THE TASK: Below are entries. Reproduce exactly the lines between the line holding "Заметно среди десятка" and the line holding "Materiale: Nodini in", inclusive, and only those.

MATERIAL PROVIDED:
Content starts
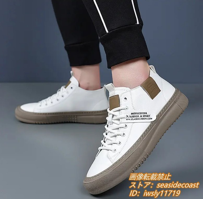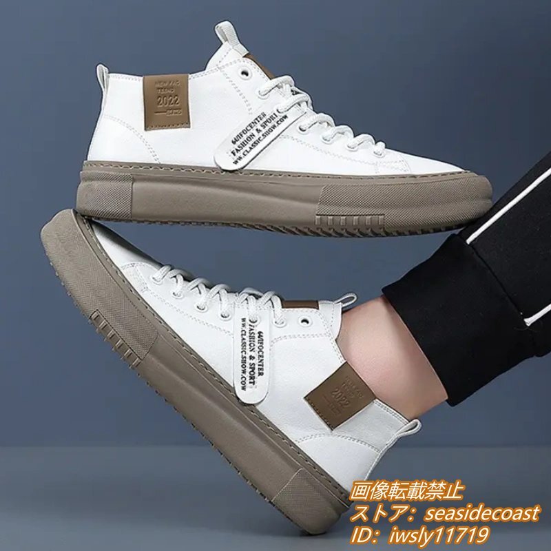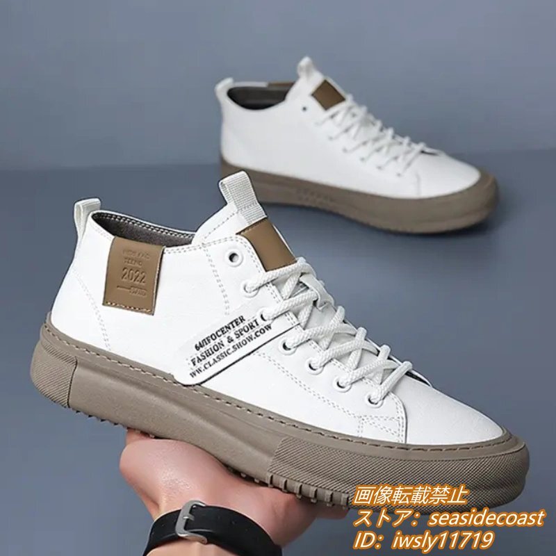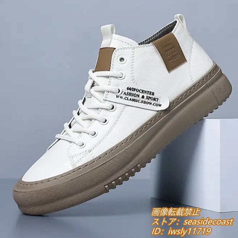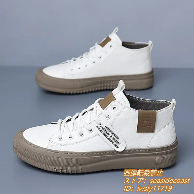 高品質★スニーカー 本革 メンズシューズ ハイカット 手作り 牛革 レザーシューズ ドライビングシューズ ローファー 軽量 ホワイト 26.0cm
Content ends
Content starts
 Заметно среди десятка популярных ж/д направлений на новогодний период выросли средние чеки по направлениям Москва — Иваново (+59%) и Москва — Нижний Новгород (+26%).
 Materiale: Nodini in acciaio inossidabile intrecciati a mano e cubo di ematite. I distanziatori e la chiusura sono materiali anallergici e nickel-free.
Content ends
Content starts
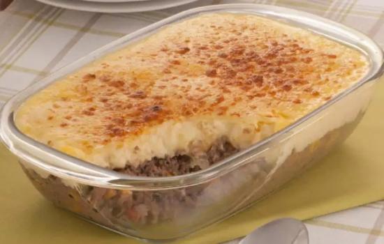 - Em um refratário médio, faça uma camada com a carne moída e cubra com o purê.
Content ends
PROBLEM SOLUTION:
 Заметно среди десятка популярных ж/д направлений на новогодний период выросли средние чеки по направлениям Москва — Иваново (+59%) и Москва — Нижний Новгород (+26%).
 Materiale: Nodini in acciaio inossidabile intrecciati a mano e cubo di ematite. I distanziatori e la chiusura sono materiali anallergici e nickel-free.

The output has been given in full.